Since 2018 the company admits a "commercial focus on specialised therapies", i.e. specialty drugs. In August 2018, Aspen stated it was the world's largest anesthetics company outside of the United States. Also in 2018, Aspen announced plans for a new US$80 million manufacturing facility in Gqeberha for late stage cancer drugs. That year Aspen sold its infant nutritional business to Lactalis for US$865 million, and in 2019, it sold its Japanese generics unit to Novartis. In May 2019, Mylan purchased a portfolio of products from Aspen in Australia. In 2020, Aspen also sold the intellectual property and commercialization rights of its European thrombosis business to Mylan.

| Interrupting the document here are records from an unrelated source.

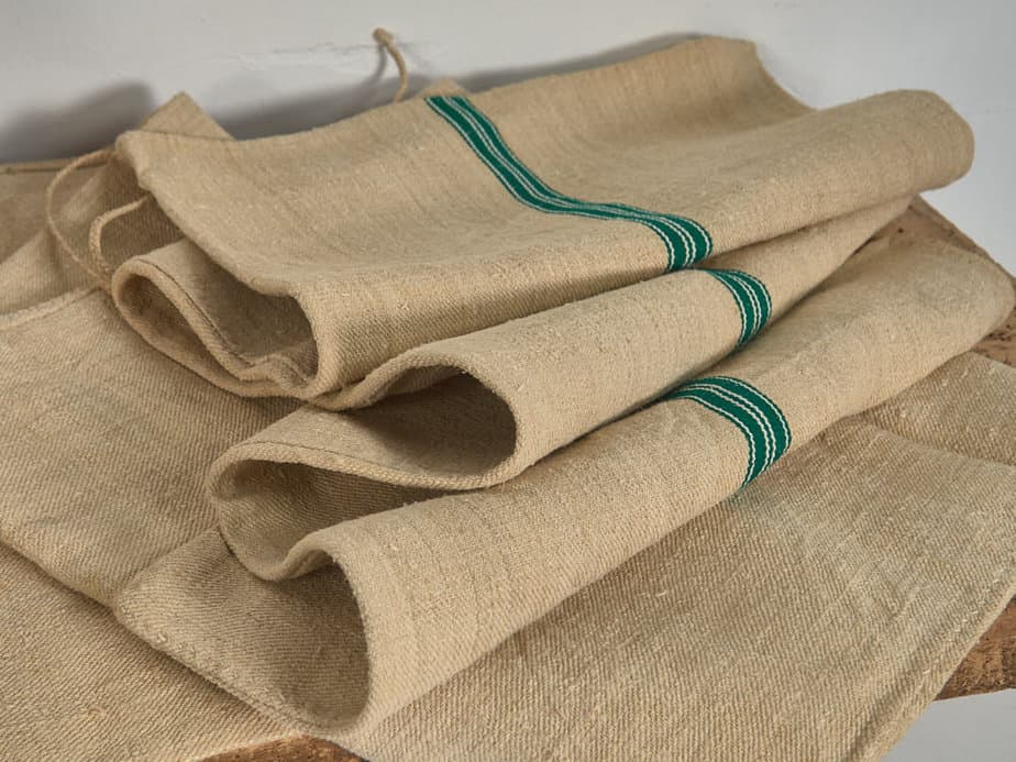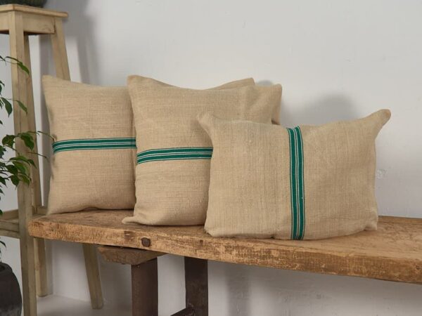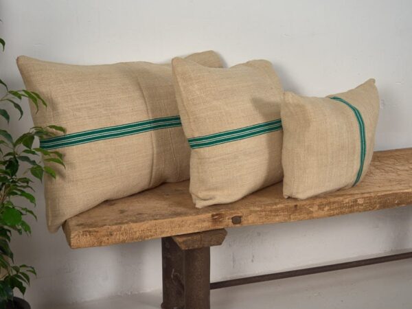 Cojín de lino antiguo de rayas verdes confeccionado artesanalmente con sacos antiguos de harina.
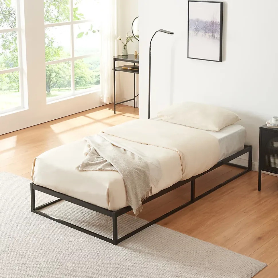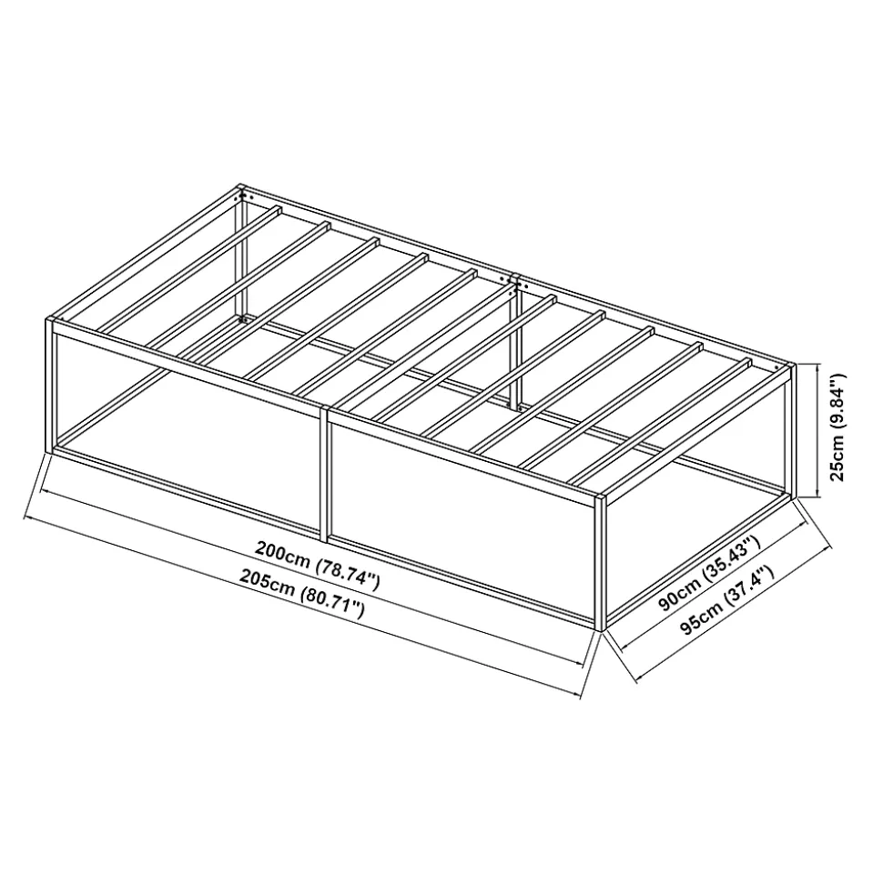 Lit en métalNotre lit moderne et intemporel, s’intègre aisément dans divers styles de décoration tout en apportant une touche d’élégance.Facile à monter gâce à des instructions claires, il vous garantit rapidement un espace de repos confortable. Sa structure métallique robuste offre une excellente stabilité et supporte une charge importante, tandis que les barres solides assurent un soutien optimal pour le matelas, favorisant un sommeil réparateur.Pratique, sa surface résistante aux rayures est facile à nettoyer, et son cadre surélevé permet une espace de rangement discret sous le lit. Transformez votre chambre en un havre de paix propice à la détente et aux doux rêves.Points forts :- lit simple intemporel et élégant- montage rapide et simple- surface résistante aux rayures et aux chocs pour une longue durée de vie- entretien facile- capacité de charge jusqu’à 150 kgMatière :acier laquéDimensions :- totales (longueur x largeur x hauteur) : 205 x 95 x 25 cm- surface de couchage (longueur x largeur) : 200 x 90 cmCouleur :noirContenu de la livraison :1 x lit en métalImportant :Le matelas, l’oreiller, la couverture et tous les autres objets de décoration ne sont pas compris dans la livraison !Remarque :Pour des raisons logistiques, le retrait sur place n’est pas possible.La livraison se fait jusqu’au trottoir ou à la porte d’entrée, sans montage.Produit de la marque :[en.casa]
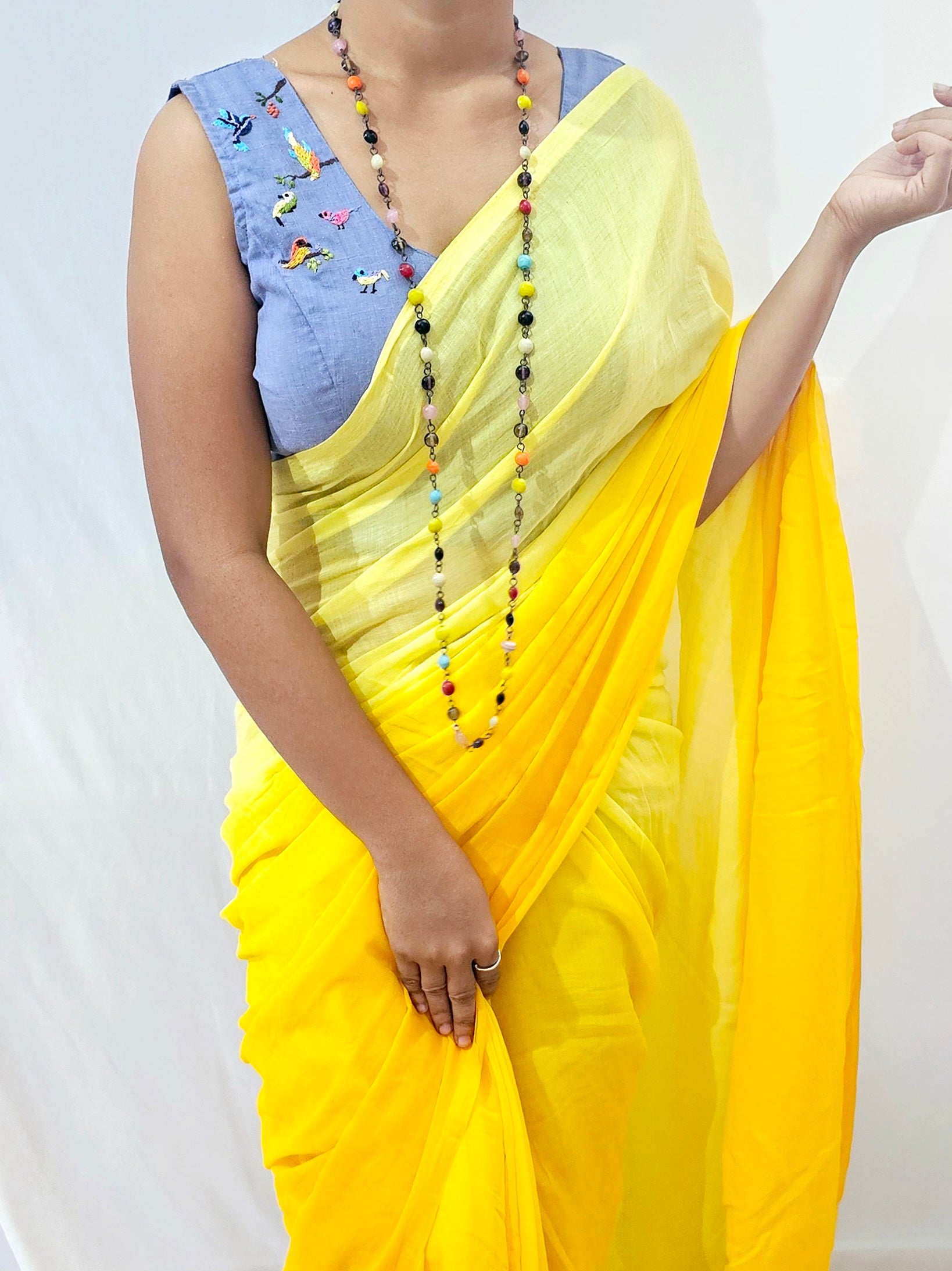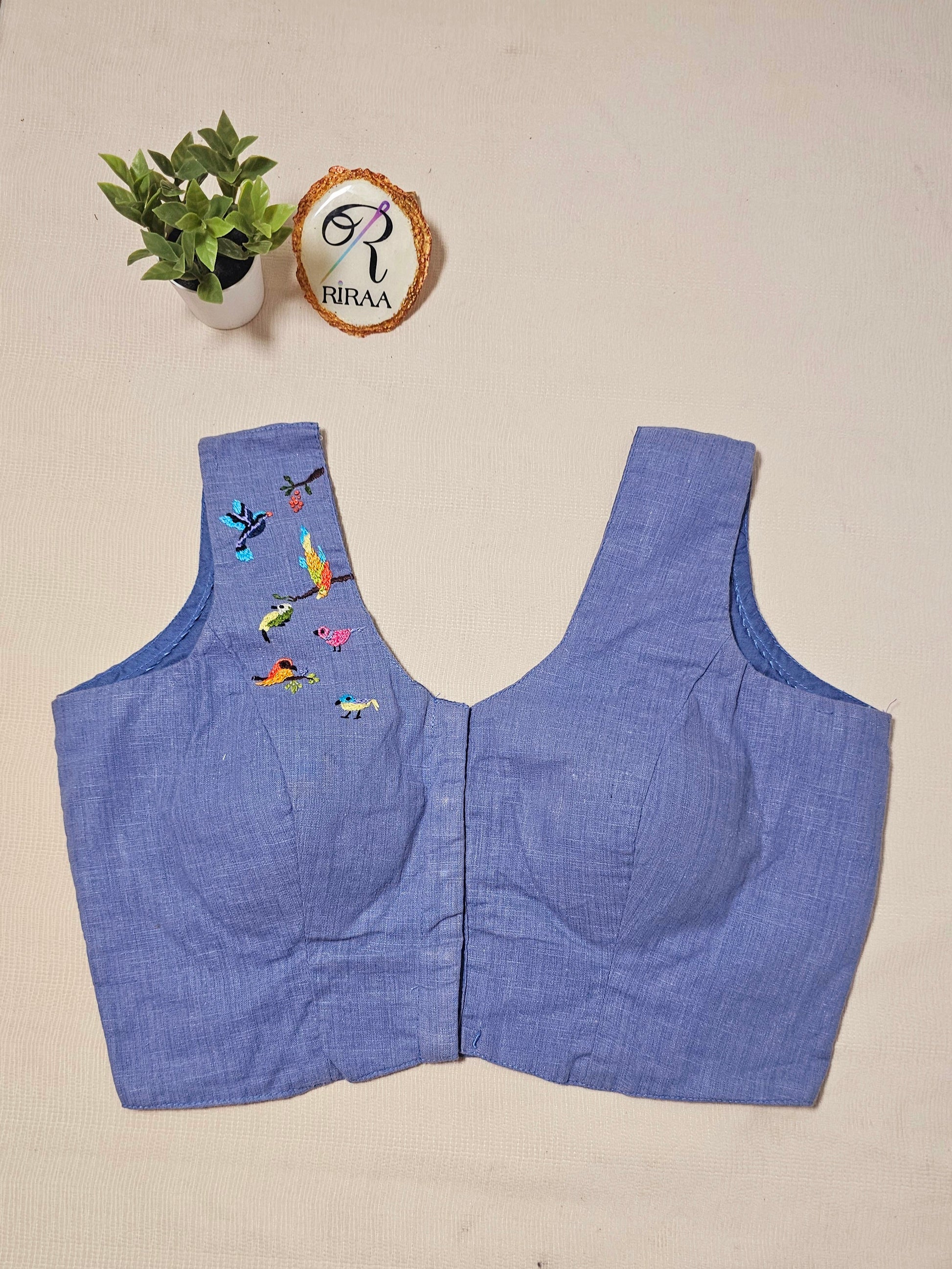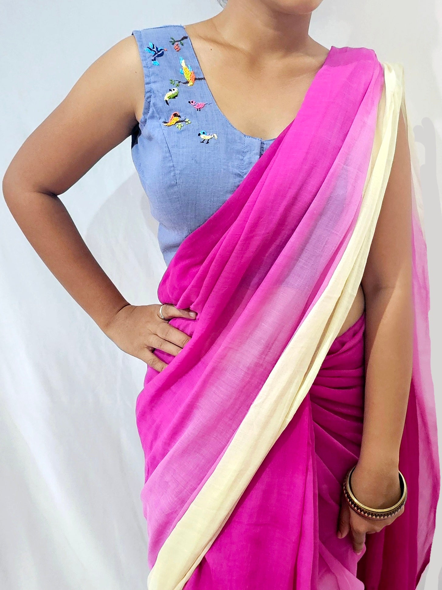 Embark on a journey of style and grace with the "Pakshi Pravah" blouse, where handcrafted birds soar across the fabric, lending a sense of whimsy and elegance to your look. Each intricately embroidered motif tells a story of freedom and beauty, making this blouse a captivating addition to any wardrobe.

=== Corporate developments, new products (2020-2023) ===
In 2020, Aspen focused on meeting a demand for dexamethasone pills, a steroid used on extremely ill patients in the COVID-19 pandemic. Also in 2020, Aspen opened a US$80 million high-containment facility in Gqeberha, and announced a further US$160 million to be spent on two additional sterile plants, "paving the way for a push into vaccines." In March 2021, Aspen began manufacturing Johnson & Johnson's COVID-19 vaccine, becoming responsible for "fill and finish" of Janssen COVID-19 vaccine stock made elsewhere. In February 2021 the South African government had signed a contract for 11 million doses of this vaccine and ordered another 20 million doses in April 2021. In late 2021, Aspen announced a contract with Johnson & Johnson to produce 700 million COVID-19 vaccine doses by January 2023. After worries that the vaccine fill stock made by an Emergent BioSolutions plant in Baltimore might have been contaminated, that year Aspen destroyed some of its doses. In August 2021, Aspen filled vaccine stock from a plant in the Netherlands, with 40% of those doses supposed to go to Europe and the remaining 60% to Africa through the end of September. Aspen agreed to sell several products, all of which were sold in South Africa, to the Swiss company Acino Pharma AG in October 2021. Gus Attridge retired at the end of 2021 and took up the position of Deputy Group Chief Executive of the Aspen Group. He was replaced as chief financial officer by Sean Capazorio.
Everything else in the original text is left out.